Страница 3 из 5
– А как же! Это же старый добрый шантаж. Я поставила условие: если она даст мне честное слово, что «Будуар» получит эту её слякоть, и по цене, которая будет мне по карману, то ты покончишь с Венерой Эдварда Фодергилла.
– Ах вот как? И что же она сказала?
– Она была страшно рада. Сбивчиво меня благодарила, сказала, что это единственное, что поможет Эверарду не съехать с катушек, и я её заверила, что ты здесь будешь во всеоружии к концу недели.

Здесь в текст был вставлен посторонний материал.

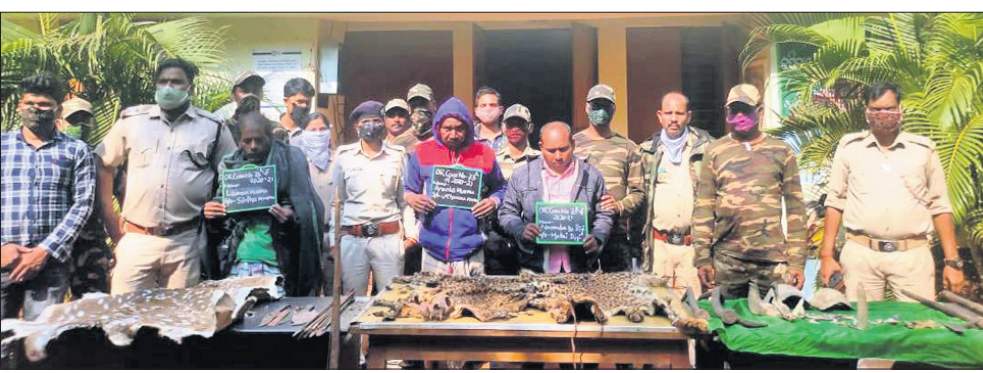
ଗିରଫ ଅଭିଯୁକ୍ତଙ୍କ ସହ ବନ କର୍ମଚାରୀ।

ଢେଙ୍କାନାଳ ଅପ୍ରିଲ ୨୧ ଅଭୟାରଣ୍ୟର ନିଷିଦ୍ଧାଞ୍ଚଳରେ ରାଜୁତି କରୁଛନ୍ତି ସେବାଦାର ଶିକାରୀ। ରାତି ଅଧରେ ଗରୁଡ଼ି ଦେଶୀ ବନ୍ଧୁକ। ଚଳି ପଡ଼ୁଛନ୍ତି ବାଘ, ବାରହା, ହରିଣ, ଶମ୍ଭର, ଭାଲୁ ଭଳି ବନ୍ୟଜୀବ। ବିଦ୍ୟୁତ୍ ପୋଖି ବସାଇ ମରାଯାଉଛି ହାତୀ। ଚଢ଼ାଦରରେ ବିକ୍ରି କରାଯାଉଛି କରୁ ମାଂସ। ଦାନ୍ତ, ଶିଙ୍ଗ, ଚମଡ଼ା, ନଖ ଚାଲାଇ କରାଯାଉଛି। ଅଭୟାରଣ୍ୟରୁ ସହରରେ ପହଞ୍ଚିବା ପରେ ଏସବୁ ଅଙ୍ଗପ୍ରତ୍ୟଙ୍ଗ ମୂଲ୍ୟ ବହୁତୁଣ୍ଡା ବଢ଼ିଯାଉଛି। ଏଥିରେ ବିଧିବଦ୍ଧ ଭାବେ କାମ କରୁଛି ଏକ ରାମାକେଟ୍। ଶିକାରୀଙ୍କ ଗ୍ରାମ୍ କରନ୍ତର ପାଇଁ ଡେଙ୍କାନାଳରୁ ଏପରି ବେଆଇନ କାରବାରର ଚେର ଖୋଜି, କଟକ ସମେତ ବାହାର ରାଜ୍ୟରେ ପହଞ୍ଚାଇବା। ଗତ ଶନିବାର ରାତିରେ କପିଳାସ ଅଭୟାରଣ୍ୟରେ ଶିକାରୀ-ବନ କର୍ମଚାରୀଙ୍କ ମଧ୍ୟରେ ଚାଲି ବିନାମୟ ହୋଇଥିଲା। ଚଢ଼ାଉ ବେଳେ ୫ ଅଭିଯୁକ୍ତ ଧରାପଡ଼ିଥିବାବେଳେ ୪ ଦେଶୀ

– Благослови Господь ваше старое любящее сердце!
– Так что вперёд, мой мальчик, с Богом! Всё, что ты должен сделать – это открыть окно, чтобы все подумали, что это был кто-то со стороны, забрать картину, отнести её к себе в комнату и сжечь. Я прослежу, чтобы твой камин как следует растопили.
– Ну, спасибо!
– А теперь давай переодевайся. У тебя осталось не так уж много времени – Эверард нервничает, когда опаздывают к обеду.
Я поднимался в свою комнату с опущенной головой и с ощущением, что рок меня настиг. Дживс уже ждал меня, вдевая запонки в рукава сорочки, и я, не теряя времени, всё ему выложил. В таких ситуациях я бросаюсь к Дживсу как заблудшая овца к своему пастырю.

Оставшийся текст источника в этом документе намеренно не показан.